On retrouve, non sans une certaine excitation, l’orchestre et le projet du contrebassiste Nick Dunston. Un an après son anti-opéra Colla Voce qui réunissait un orchestre nourri aux improvisations et à la grammaire de la musique écrite contemporaine, avec Sofia Jernberg et Cansu Tanrıkulu aux voix, voici Colla Voce Praylewd, une revisite en profondeur des intentions de l’artiste et un élargissement de l’univers de l’œuvre, en plus d’un jeu de mot particulièrement retors [1]. En deux morceaux égaux, deux faces d’un vinyle, Nick Dunston énonce l’argument de Colla Voce : des voix répétées, bouclées, qui se répètent comme une transe au milieu d’une électronique fiévreuse et inquiétante. Des choix radicaux qui portent l’œuvre plus loin.
La musique de Nick Dunston est d’abord une atmosphère. Épaisse et étouffante comme un ciel acide et angoissant. Un ciel de lacrymos dans lequel Dunston se replonge pour aller y chercher de nouvelles sensations, pour nous faire revivre des émotions inédites dans son disque précédent.
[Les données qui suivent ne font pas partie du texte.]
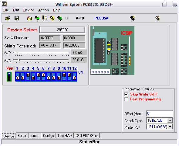 Programmer Willem EPROM 0.98D2 - Screenshot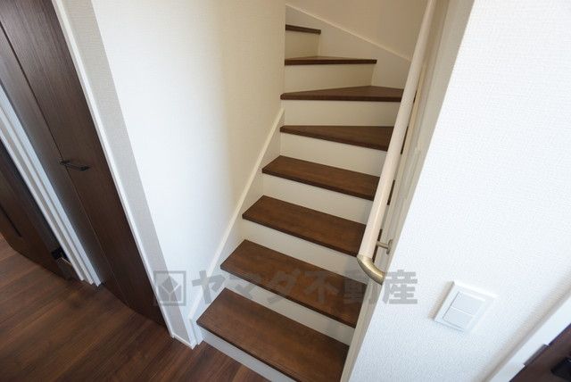 踏み場の広い手摺付き階段です。勾配も緩やかに設計されており、高齢の方でも安心できますね^^

Lorsque Jernberg s’empare d’une onomatopée féline répétée à l’envi et soulignée par la contrebasse, ou lorsque l’électronique rappelle que Dunston et Tanrıkulu avaient déjà joué de leur goût pour les atmosphères psychotropes sur Skultura, on est dans une forme bien différente d’intimité ; l’orchestre nous montre les coutures, l’envers d’un work in progress délimitant les territoires de l’improvisation qui donneront le produit fini - et infini - de Colla Voce.
Le choix du nom des deux morceaux n’est d’ailleurs pas anodin, puisqu’il est entendu que dans l’univers créé par Dunston, rien ne l’est. La musique répétitive qui construit « Ouroboros » dans le cliquetis des archets est une autre forme de transe. « Phoenix » est une renaissance, « Ouroboros » une infinitude. Deux façons d’envisager le cycle et de créer une atmosphère où Colla Voce pourra s’épanouir en toute liberté. Un prélude complémentaire et vite indispensable à la perspective de cet anti-opéra.